* TASK
Restate word for word the lines between the start of the material and the line with "2月24日(金)、桶川第2流", keeping both of those ends and none of the pictures.

* SUPPLIED MATERIAL
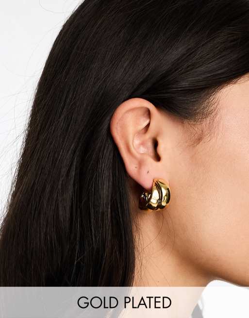 ASOS DESIGN 14k gold plated small hoop earrings with thick crossover design
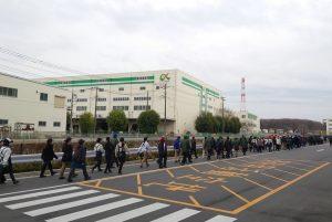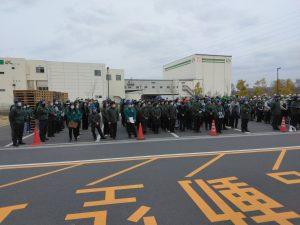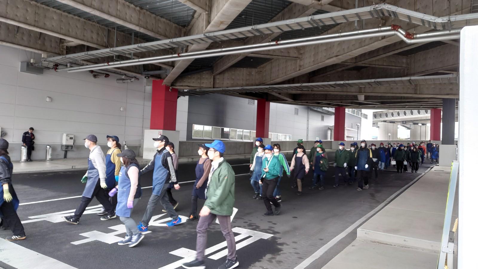 2月24日(金)、桶川第2流通センターにて、センター全体としては初めての避難訓練を実施しました。参加した社員は約350人で、火災を想定しての訓練で、煙の充満や一酸化炭素中毒のリスクが低いランプウェイを避難経路に設定し、火災発生から状況確認、避難案内、避難誘導、消防連絡、集合、点呼という流れで行いました。
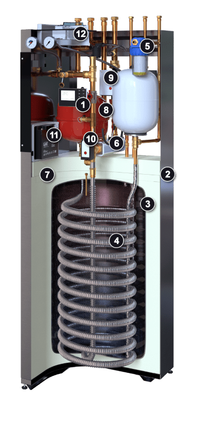 Szafa hydrauliczna montowana w mieszkaniu i jednostka zewnętrzna – pompa ciepła – połączona jest rurami, w których przepływa podgrzana przez pompę ciepła woda do zasilania centralnego ogrzewania i bufora ciepłej wody użytkowej. Układ tej jest prosty w montażu i w przeciwieństwie do pomp ciepła typu SPLIT, w których między jednostką zewnętrzną, a wewnętrzną przepływa czynnik chłodniczy w postaci gazowej, nie wymaga posiadania specjalistycznych uprawnień.
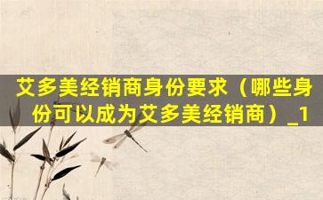 艾多美经销商身份要求(哪些身份可以成为艾多美经销商)
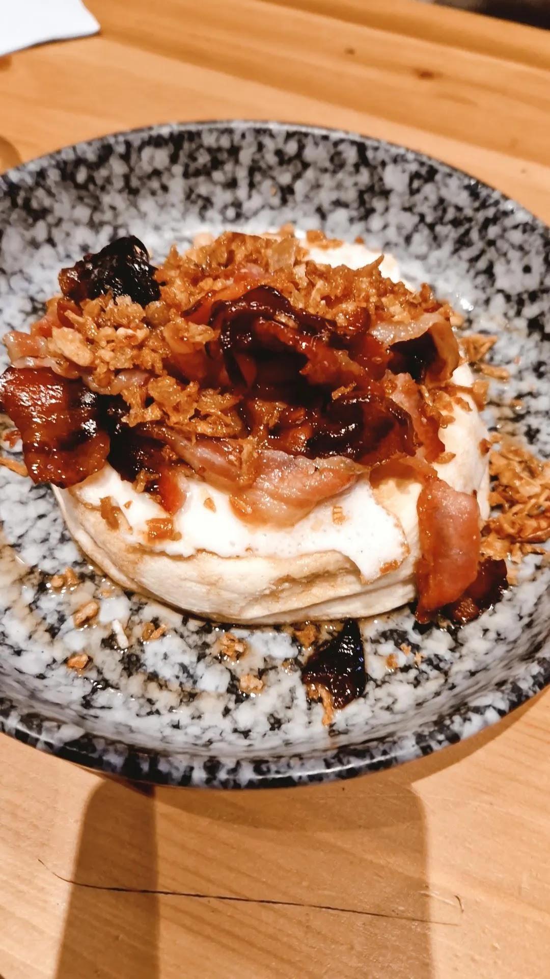 Longue queue, mais ça vaut totalement le coup ! Je recommande à 100%. Leurs pancakes salés au bacon sont incroyables.

* SOLUTION TO THE EXERCISE
 ASOS DESIGN 14k gold plated small hoop earrings with thick crossover design
 2月24日(金)、桶川第2流通センターにて、センター全体としては初めての避難訓練を実施しました。参加した社員は約350人で、火災を想定しての訓練で、煙の充満や一酸化炭素中毒のリスクが低いランプウェイを避難経路に設定し、火災発生から状況確認、避難案内、避難誘導、消防連絡、集合、点呼という流れで行いました。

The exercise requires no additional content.